The monthly payment on these loans is calculated as if the rate never changed over the life of the loan. However, if the rate does change, the monthly payment also changes to cover the change in interest so that the mortgage is still paid off in the same amount of time.

Using your example, let's say that you have a 25-year mortgage that is a 5-year ARM. The initial interest rate is 3%, which means that for the first 5 years, your rate is fixed at 3%. The monthly payment for those first 5 years is the same as it would be if you had a 25-year fixed rate mortgage at 3%. Here is the formula:

MathJax formula: $$P=L\frac{c(1+c)^n}{(1+c)^n-1}$$

where:

  • P = monthly payment
  • L = Loan amount
  • c = monthly interest rate. This is the annual interest rate divided by 12.
  • n = number of months in the loan (years * 12)

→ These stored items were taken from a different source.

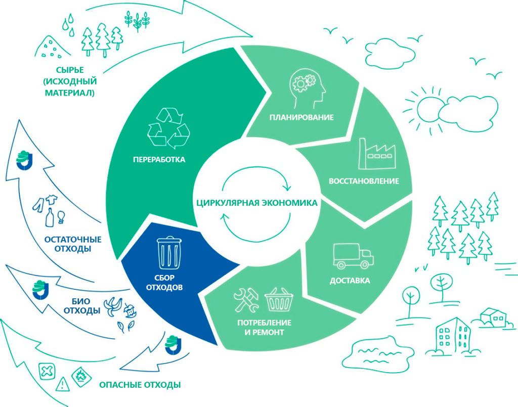 Федеральный проект «Экономика замкнутого цикла» стартует в 2022 году в России, на реализацию проекта будет направлено 10 млрд рублей. Федеральный проект включает шесть направлений, среди которых сокращение образования отходов, создание инфраструктуры по сбору отходов для вторичной переработки, стимулирование использования вторичных ресурсов. Кроме того, проект направлен на ограничение оборота неэкологичной упаковки. Также в документе обозначено создание системы прослеживаемости движения отходов. Ещё одно важное направление по формирования экономики замкнутого цикла – экопросвещение. «Заместитель Председателя Правительства Виктория Абрамченко в ходе мероприятий Гайдаровского форума сообщила об утверждении паспорта федерального проекта «Экономика замкнутого цикла». В первую очередь необходимо организовать возвращение в хозяйственный оборот полезных компонентов, которые возможно извлечь из отходов производства и потребления. Максимальное количество отходов должно превращаться во вторсырьё
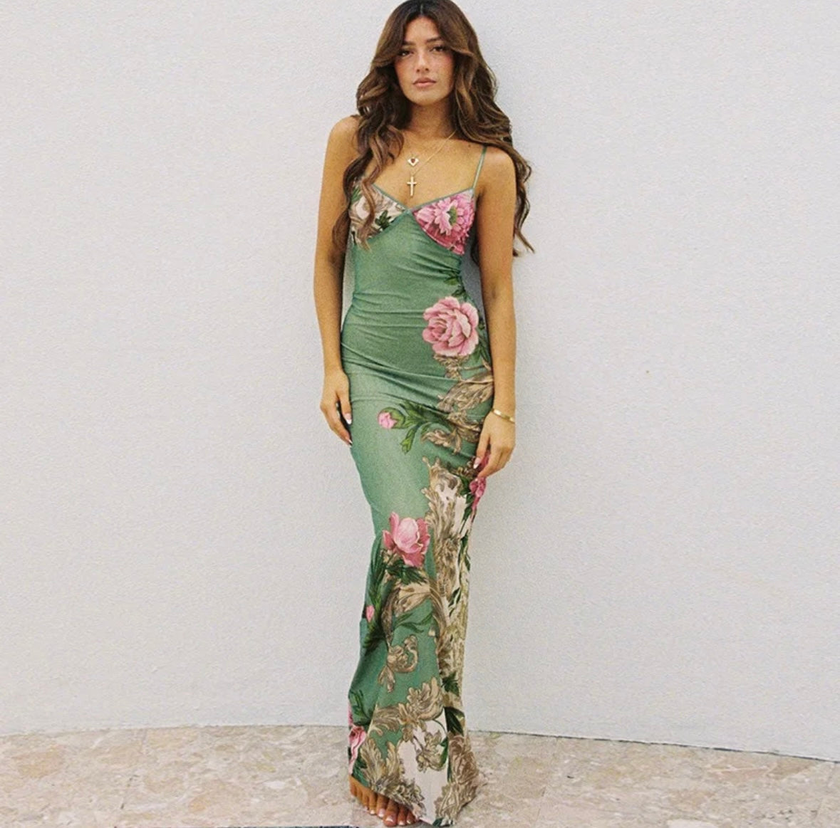 Introducing our stunning Green Flower Print Maxi Summer Dress, perfect for any summer occasion. Made with a comfortable and breathable fabric, this dress features a vibrant green floral print that is sure to turn heads. Its maxi length adds an elegant touch, making you stand out in the crowd. Stay stylish and comfortable all summer long in this must-have dress.
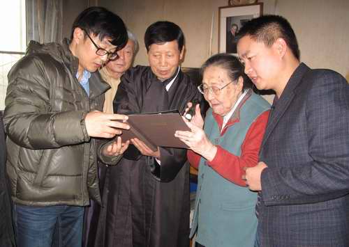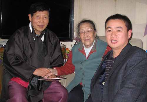 韩国客人看望孔德懋老人,右为中国孔子基金会驻京办主任杨光。
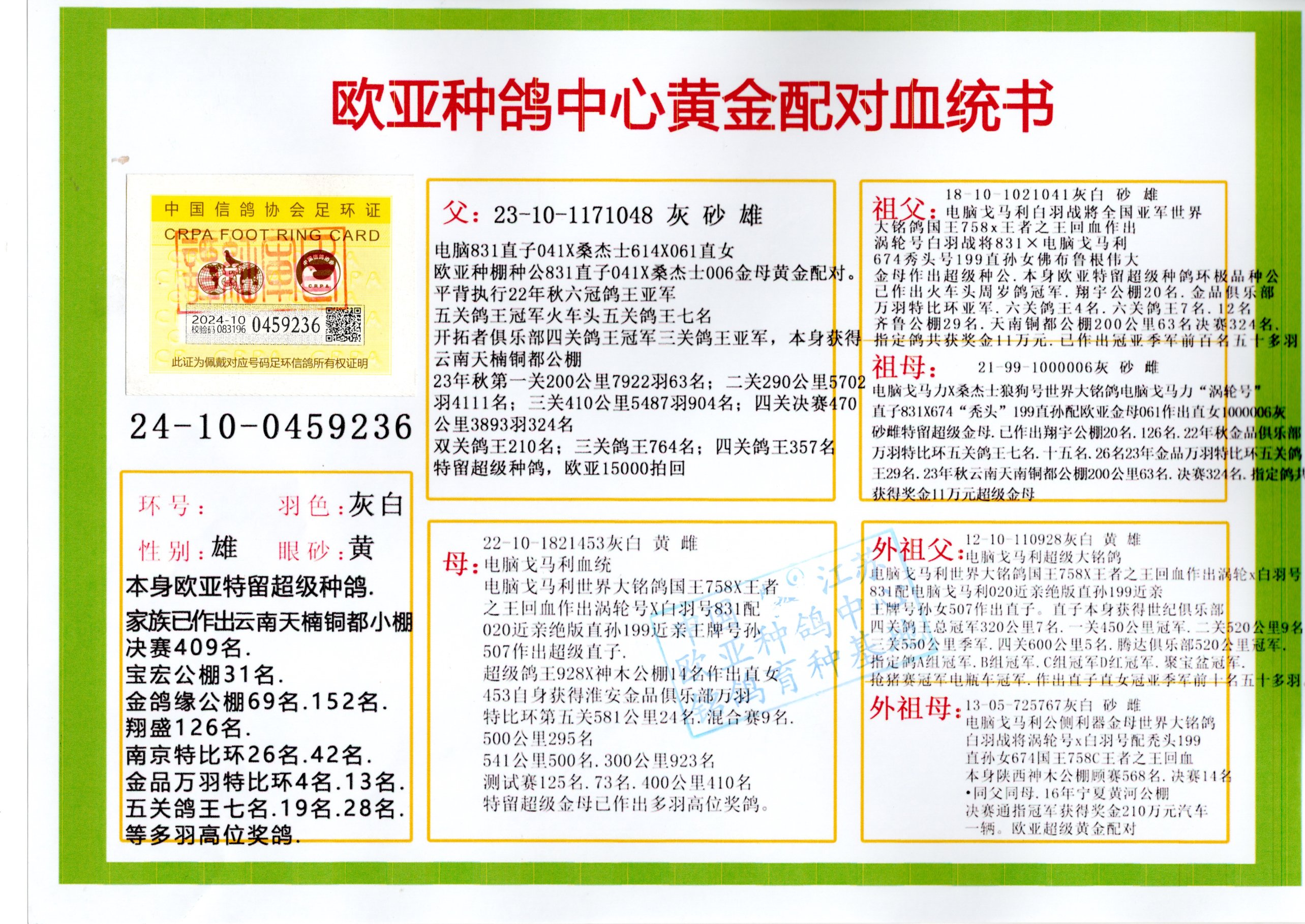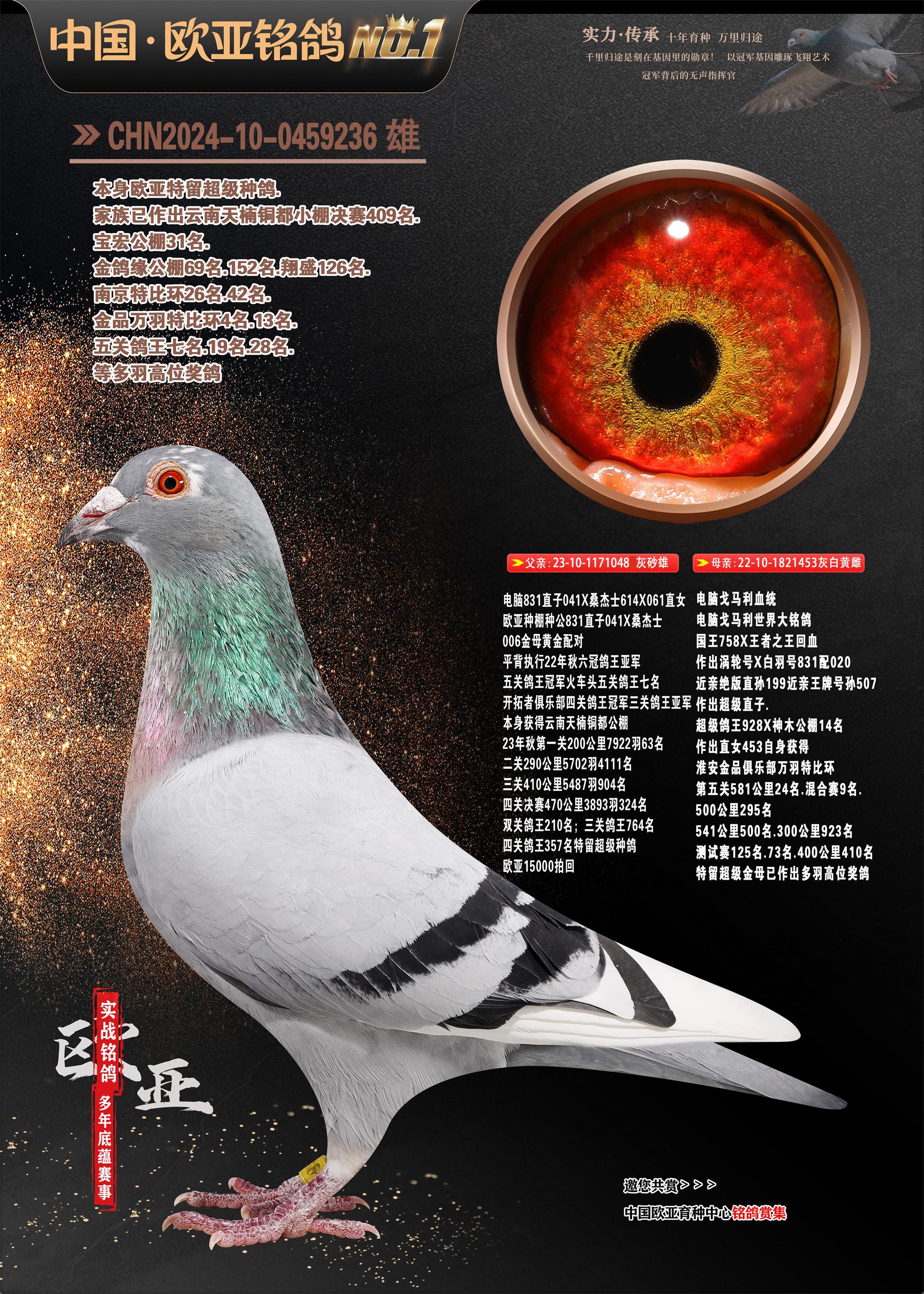 24年秋南京特比环欧亚荣获大团体冠军.小团体冠军551公里大特比13名.14名.16名.19名.20名.21名.24名.26名.27名.28名.42名.52名.54名.57名.65名.66名.68名.70名.71名.72名.74名.76名.80名.82名.83名.84名.85名.86名.90名.92名.110名.116名.121名.122名.128名.131名.158名.161名.164名.165名.166名.172名.174名.177名.182名.195名.196名.201名.205名.208名.210名.216名.253名.269名.275名.276名.294名.296名.299名,,24年秋云南天南铜都公棚决赛415名.天南铜都小棚决赛409名.云南玉活公棚决赛102名.490名.团体32名上笼二羽进二羽,天南铜都大棚506公里决赛445名。热烈祝贺河北省巨鹿县李兰生老师用欧亚泰山号血系连续十一年夺冠军,河北省国家赛冠军.全国季军等多次前十名高位,扬州王军王总用欧亚利奥24年春季获山东翔宇公棚决赛33名盖比53名。南京刘正龙刘总用欧亚盖比获得24年秋山东潍坊国际公棚决赛42名.精英赛30名.三关鸽王71名.决赛86名.加站赛16名.南京市特比环A组鸽王9名.B组鸽王5名.6名.C组鸽王5名.精英赛冠军4名.技能赛A组冠军4名.5名.秦淮区特比环荣获15名.46名.48名.87名。四川西昌徐亮徐总用欧亚利奥获得凉山州聚友决赛177名.第二关亚军双关鸽王19名.三关鸽王105名.云南豪庭公棚决赛603名。热烈祝贺24年四川重庆翔园鸽舍用欧亚泰山号荣获春季400公里冠军.秋季500公里冠军,河北王总用詹森X利奥获得千羽千翔公棚400公里冠军,广东蔡楷焕荣获24年秋爱好者 赛鸽俱乐部三关鸽王季军.一关420公里99名.二关450公里11名.三关520公里32名.单关季军.7名.12名,江西李卫兴荣获贵州红枫公棚8名.共翔俱乐部寄养棚四关综合鸽王30名.一关400公里78名.二关500公里55名.三关520公里37名.四关500公里57名.同父母获公棚18名.雷鸣获得武汉黄浦育翔中心冠军,四川陈文获得四川明鸿俱乐部300公里梦幻2名.3名.4名.9名.10名.13名.14名.15名.31名.34名.40名.41名.42名.43名.69名.71名.72名.73名.74名.94名.95名.97名.98名.99名.419公里决赛荣获总冠军7名.总共归巢9羽,四川徐亮获豪庭决赛603名,山西郑勇获得山西泰鑫公棚决赛255名詹森红狐,热烈祝贺马总获得开尔(飞跃队)决赛9名获奖金1310000万元.第一关52名,天津津福资赛180公里96名.获奖金429543万元,欧亚支持全国鸽友24年秋多人报喜 祝大家取得更好成绩,给欧亚报喜鸽友欧亚决定给每人赠送一羽超级种鸽。欧亚俱乐部特比环多关鸽王成绩:15年秋淮安特比环黑色星期一全会上笼9700多羽,当天无鸽归巢,第二天全会归巢357羽,本舍归巢158羽.前十名八羽.前一百名归巢57羽,16年春季获五关鸽王总冠军,总亚军四名.六名.七名.九名.十名.晶艺俱乐部520公里冠亚季军5名.6名.7名.9名.11名等,火车头冠军.季军6名.8名.9名.10名,16年秋晶艺俱乐部特比环520公里亚军.季军4名.6名.7名.9名,15年春南京白下特比环冠军.亚军.季军6名.7名.8名.9名.10名.指定鸽A B组获得冠军.亚军.季军4名.5名.,17年淮安特比环亚军.4名.5名.7名.8名.10名.六关鸽王总冠军.4名.6名.9名.10名,寄养棚宿迁刘总20羽特比环获冠军.季军.4名.7名.8名.9名等。18年荣获万羽特比环六关鸽王总冠军.总亚军.总季军.6名.8名.十名.单关四羽冠军.二羽亚军.四羽季军.前十名27羽。19年秋万羽特比环六关鸽王总亚军.总季军.5名.8名等,单关二羽冠军.三羽亚军.一羽季军前十名31羽。20年秋淮安市鸽会四关特比环大赛风雨无阻鸽王亚军.鸽王六名,金品俱乐部万羽特比环六关鸽王总冠军,总亚军.四名.五名.六名.七名.八名.十名.前二百名鸽王35羽,单关冠亚季军前十名四十多羽,火车头五关鸽王季军.六名.八名.前二百名鸽王十七羽。20年春荣获淮安五区一市四关鸽王总冠军.亚军.四名.八名.九名。21年秋荣获金品万羽特比环大赛六关鸽王总亚军.总季军.四名.七名.九名.十名.单关冠亚军季军前十名三十多羽。火车头协会鸽王六名.七名.十名.单关前十名十七羽。22年秋荣获鸽王总冠军.总亚军.5名.7名.8名.9名.11名.单关冠亚季军前十名三十多羽,第一关单关前二百名四十多羽,第二关前二百名三十多羽,第三关前二百名四十多羽,第四关前二百名四十多羽,第五关前一百名53羽。23年秋荣获鸽王季军.五名.八名.十名.13名.17名.20名.27名等多羽鸽王.单关前十名二十多羽。公棚.寄养棚部分成绩:16年秋宁夏黄河公棚总冠军电脑戈马力指定通炮冠军,17年送八羽参赛获得鸽王八名进奖四名,支持韩总荣获八名。支持鸽友荣获宁夏中卫公棚决赛总冠军.精英赛冠军,支持18年宁夏黄河公棚决赛冠军詹森X泰山。安徽鼎博寄养棚院内外四关鸽王总冠军.鸽王十七名.三十七名同窝,鸽王39名.42名.58名.67名。18年山东公棚预赛冠军.决赛65名.送八羽进奖五羽.指定获奔驰汽车一辆。支持鸽友获得云南蓝云公棚冠军.盖比X佛卡门。支持鸽友荣获云南银集公棚决赛冠军 詹森427X520血系 速度赛6700羽冠军。17年荣获金马俱乐部寄养棚四关鸽王总冠军.季军.六名.八名.第一关冠军.亚军.季军四名.七名.十一名.金牌教练奖。支持鸽友18年北京费翔公棚预赛九名电脑X桑杰士,支持鸽友荣获陕西威力公棚决赛11名.内蒙古临河寄养棚四关鸽王六名.詹森配泰山,支持河北王总用欧亚詹森427配胡本喜获20年秋开尔青年棚季军。云南东荣公棚16年预赛冠军.决赛77名.17年决赛12名.詹森红狐X泰山,17年平安公棚决赛4名 詹森427。欧亚获得21年金母寄养棚第一关四名.第二关5名.第三关5名.6名.7名.10名.三关鸽王总冠军,四关鸽王14名.十羽鸽王。支持河

In our example, if the loan is $100,000, the interest rate is 3% (monthly interest rate is 0.25%, or 0.0025), and the number of months is 300 (25 years), the monthly payment will be $474.21.

Now, 5 years into a 25 year mortgage, the amortization schedule tells us that the remaining principal will be $85,505.48.

So if the rate jumps to 4% at that point in time, the monthly payment will be recalculated so that the loan is still paid off in the original 25-year time. To find the new payment, use the above formula again, but this time L=$85,505.48, c=0.04/12=0.0033333, and n=20*12=240. The new monthly payment is $518.15.

If, instead, you had a loan where the payment will be constant over the entire loan period, but the interest rate changes during the period (this is not common), there is a formula for that as well. See this StackOverflow question for the details.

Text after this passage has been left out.